Worried I'm spiralling into a serious depression

65 replies

Janos · 31/01/2010 21:21

First off I know that title sounds wetter than wet and some folk will be rolling their eyes around (fair enough) but I would like to ask some advice.

Ok, some background. Sorry if things sound a bit disjointed.

Some posters will be aware of this already but last year I had to go through a court case to get residence of DS (5), who I absolutely love to bits.

This was a last resort action taken because of behaviour by XP. we had shared care sadly that was not working. Needless to say this was very draining and stressful.

Now, I have a couple of good friends up here (not loads, I am not the madly sociable type) but apart from that not too much practical support, as my family are around 100 miles away. Must add that they are lovely and very helpful.

I also work p-t. 30 hours a week, without giving too much detail though when I do work, I'm doing full time hours. Basically I;m up at 6.30 in the morning and back about six in the evening. It's exhausting.

The job isn't great pay and I get bit of a top up from tax credits, plus help with childcare. For various reasons the job is getting me down a lot. I'd like to move on but opportunities are limited where I am. Money is a worry. XP also refuses to pay maintenance, (CSA been involved, before you ask, useless bunch).

Now, XP has DS 2 nights a week currently which means I do get a chance to rest and time to myself, though I miss DS desperately when he's not here. Now I have always enjoyed getting out and about - used to just enjoy doing stuff. Now, I can barely be bothered to leave the house. I used to enjoy dating and now I can barely be bothered to even look at men because I think what is the point.

I'm also eating way too much as it feels like food is the only pleasure I have right now. Doesn't that sound just awful?

Now, I would normally be straight to docs as I believe ADs can be helpful in the right situation, and it's a good starting point of course.

However, last time I did this XP had it bought up in the court case to try and 'prove' I was some sort of mad depressive who wasn't fit to look after a child (I had bad PND). So I'm wary and scared of going back again as XP would love for me to mess up so he can get control of DS. This is not me being paranoid, he is entirely capable.

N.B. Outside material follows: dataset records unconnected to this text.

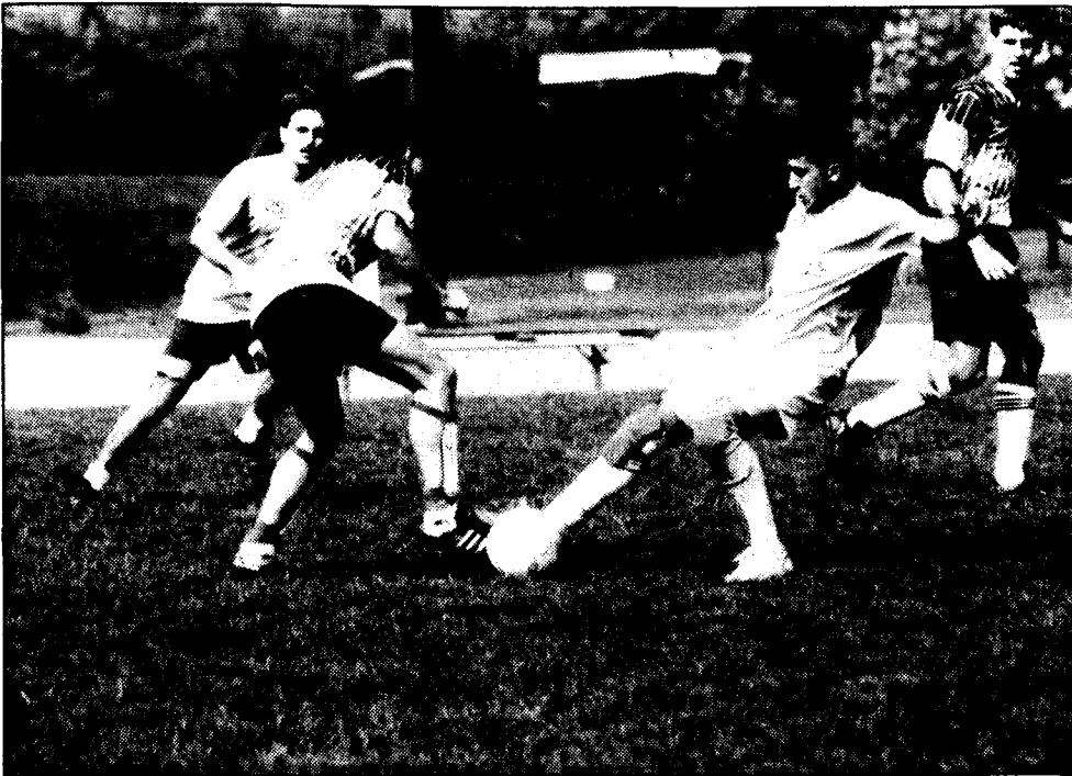
Past and present soccer players struggle for possession of the ball.

On Oct. 4, the alumni and the present varsity rosters at Penn State Harrisburg competed in four sports. In soccer, the present team defeated the alumni by a score of 3-2. The varsity basketball team also beat players from past squads with an 80-73 victory. The baseball team played past diamond players in a two-game softball series. The current team beat the alumni in the first game by a score of 18-5, but in the finale, the alumni got revenge with a 15-10 win. The women's alumnae volleyball team defeated the present squad in a heart-filled game.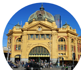
DISCOVER ILSC MELBOURNE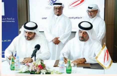
Agreement to Implement Vocational Gifted Education Diploma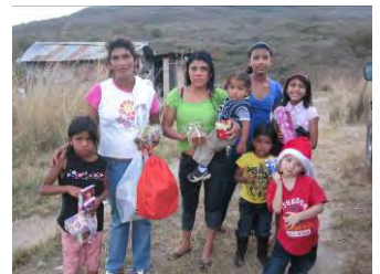
Dec—Handed out toys to poor children for Christmas

Thank You For All Your Prayers and Support During 2010! May God Bless You!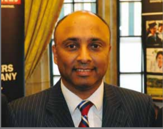
Mark Hendrick MP, Chairman, All Party Parliamentary China Group.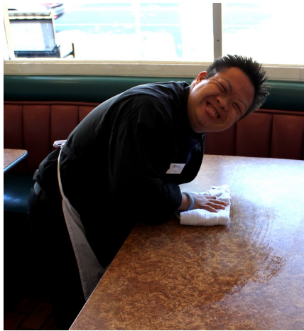
W.I.S.E. Job Skills Class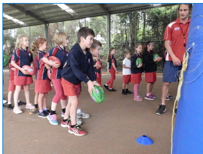
More AFL photos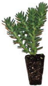
128 Cell Plug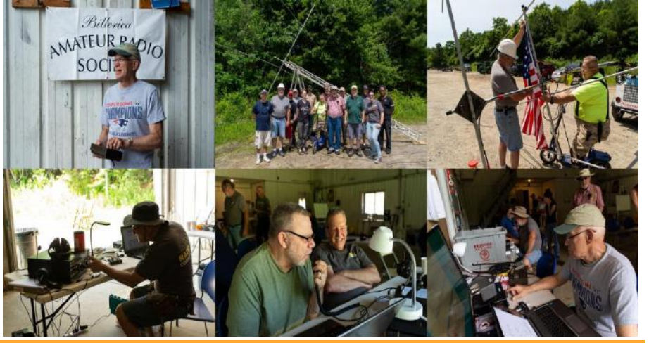
NEWS FOR AND BY BARS MEMBERS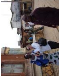
Porto Novo May 2010 (22)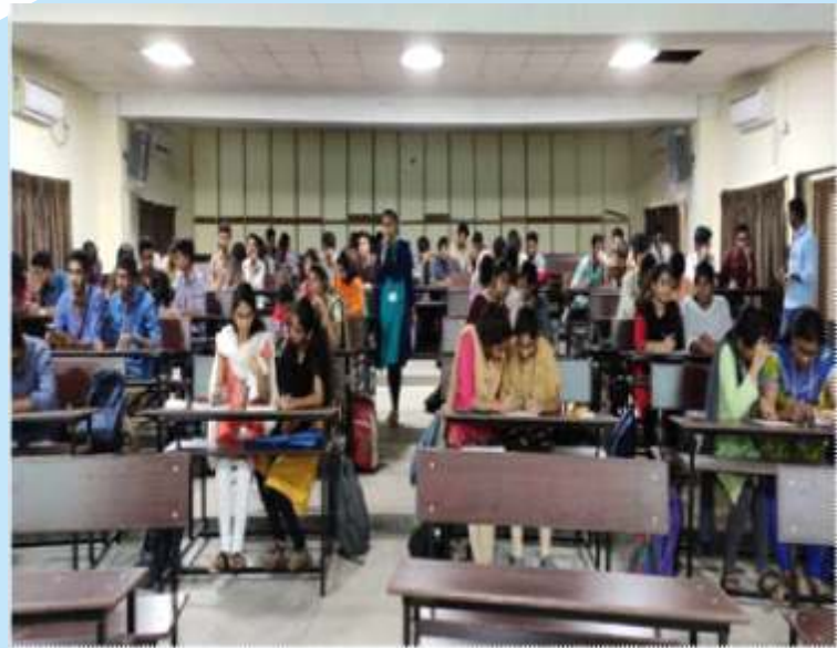
Participants during the quiz competition

The IEI Students' Chapter of Civil Engineering Department of Gayatri Vidya Parishad College of Engineering organized a Technical Quiz for the students on 17 July 2019.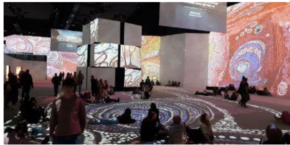
Vic Market, trams, Immigration Museum and First Nations exhibition at the Lume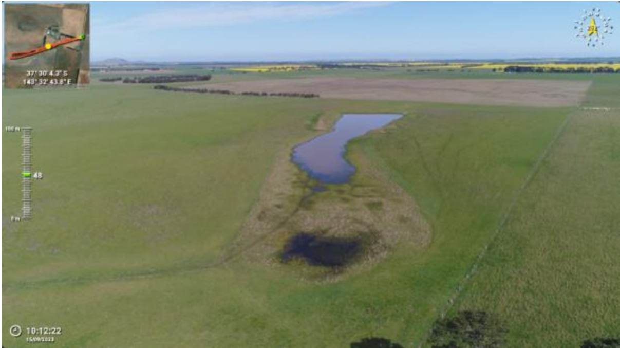
Appendix Plate 279. Waterbody 248; Moderate habitat quality (Ecology and Heritage Partners Pty Ltd 09/2023).

So what is the best way forward? I don't think I'm being the best mum I can be to DS right now because of this and to be honest I just feel utterly exhausted.

Blimey I sound very sorry for myself don't I! And that is not my normal mindset at all. I have had these feelings before and have come out the other side but now they are not going away.

My god what an essay! Anyway, any help and advice would be gratefully received at the moment. Thank you for listening.

OP posts:
Janos · 31/01/2010 21:22

Oh dear, an essay. Not intentional but once I start waffling...and of course I mean thanks for reading.

OP posts:
dittany · 31/01/2010 21:28

This reply has been deleted

Message withdrawn at poster's request.

Janos · 31/01/2010 21:36

No that doesn't sound patronising dittany and thank you for responding.

I think you're right, some exercise would be good, it's just finding the time and summoning up the energy.

Re the ADs thing...my XP found out about it last time because as part of the process of getting residence, something called a court report was done. This involves a court reporter speaking to everyone involved with the care of the child and also doctors etc. I had gone to see a doc and said I was feeling midly depressed, this came up in the court report. XP and his solicitor had access to this information and tried to use it against me.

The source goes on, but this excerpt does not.